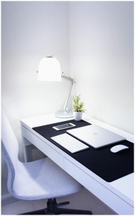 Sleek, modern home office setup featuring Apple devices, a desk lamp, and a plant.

####

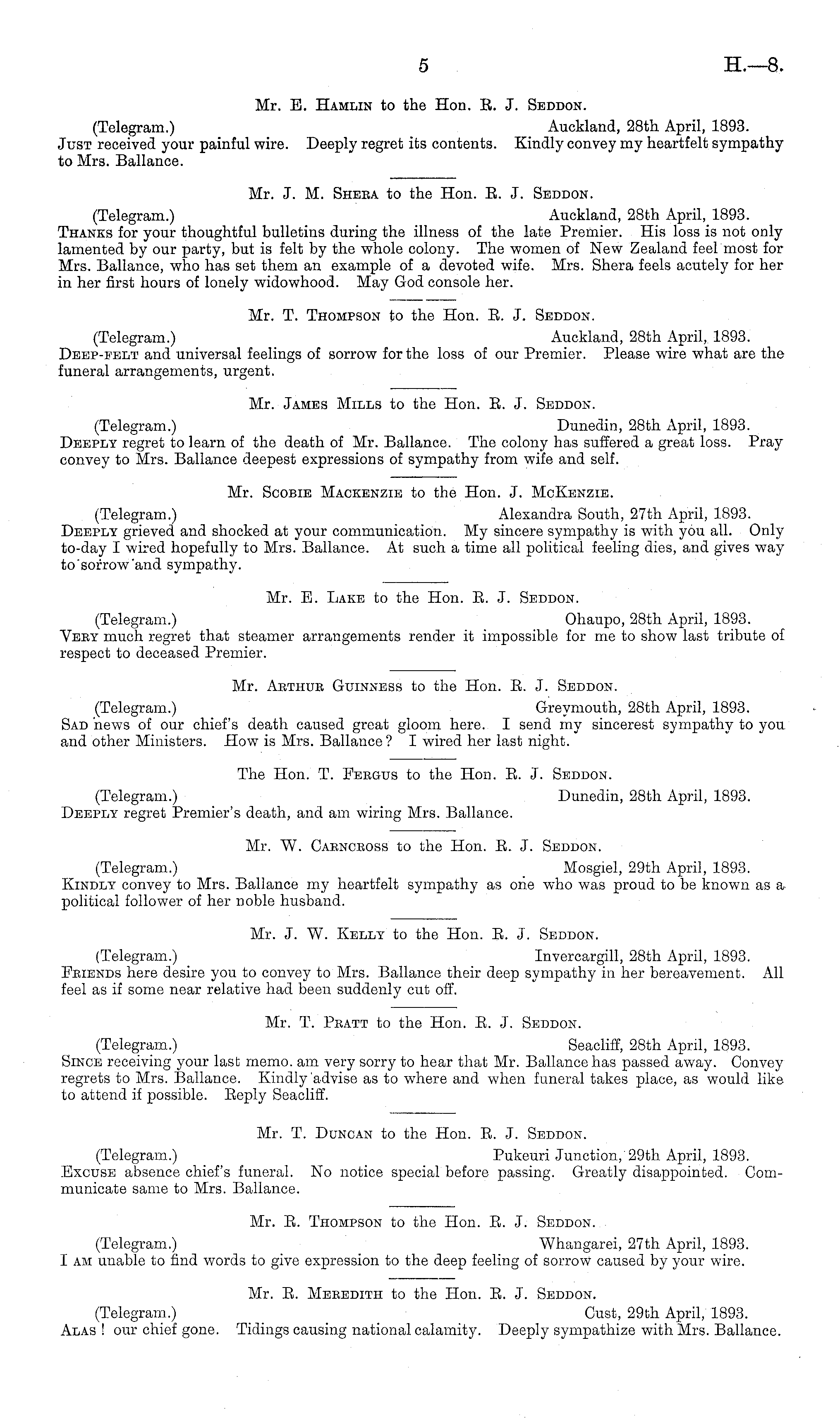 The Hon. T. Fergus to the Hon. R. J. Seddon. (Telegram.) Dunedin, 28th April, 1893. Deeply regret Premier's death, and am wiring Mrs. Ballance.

####

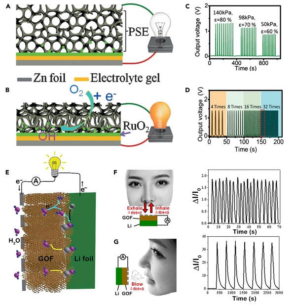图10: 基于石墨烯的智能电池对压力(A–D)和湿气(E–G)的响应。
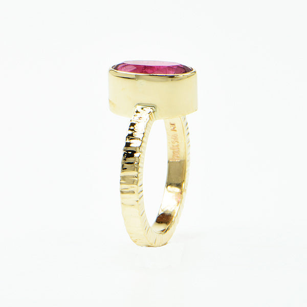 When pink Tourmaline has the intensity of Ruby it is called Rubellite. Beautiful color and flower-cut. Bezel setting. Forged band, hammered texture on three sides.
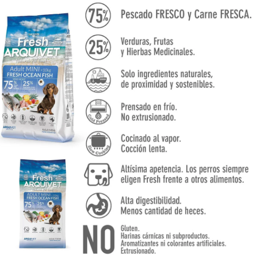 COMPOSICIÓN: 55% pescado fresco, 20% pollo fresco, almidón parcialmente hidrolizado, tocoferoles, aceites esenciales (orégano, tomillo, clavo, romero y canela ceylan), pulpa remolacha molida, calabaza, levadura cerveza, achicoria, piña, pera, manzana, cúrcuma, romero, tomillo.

####

- Problem statement
Using the data above, return the lines from the one holding "图10: 基于石墨烯的智能电池对压力(A–D)和湿气(E–G)的响应。" through the one holding "When pink Tourmaline" exactly, but not the pictures.

- Written answer
图10: 基于石墨烯的智能电池对压力(A–D)和湿气(E–G)的响应。
 When pink Tourmaline has the intensity of Ruby it is called Rubellite. Beautiful color and flower-cut. Bezel setting. Forged band, hammered texture on three sides.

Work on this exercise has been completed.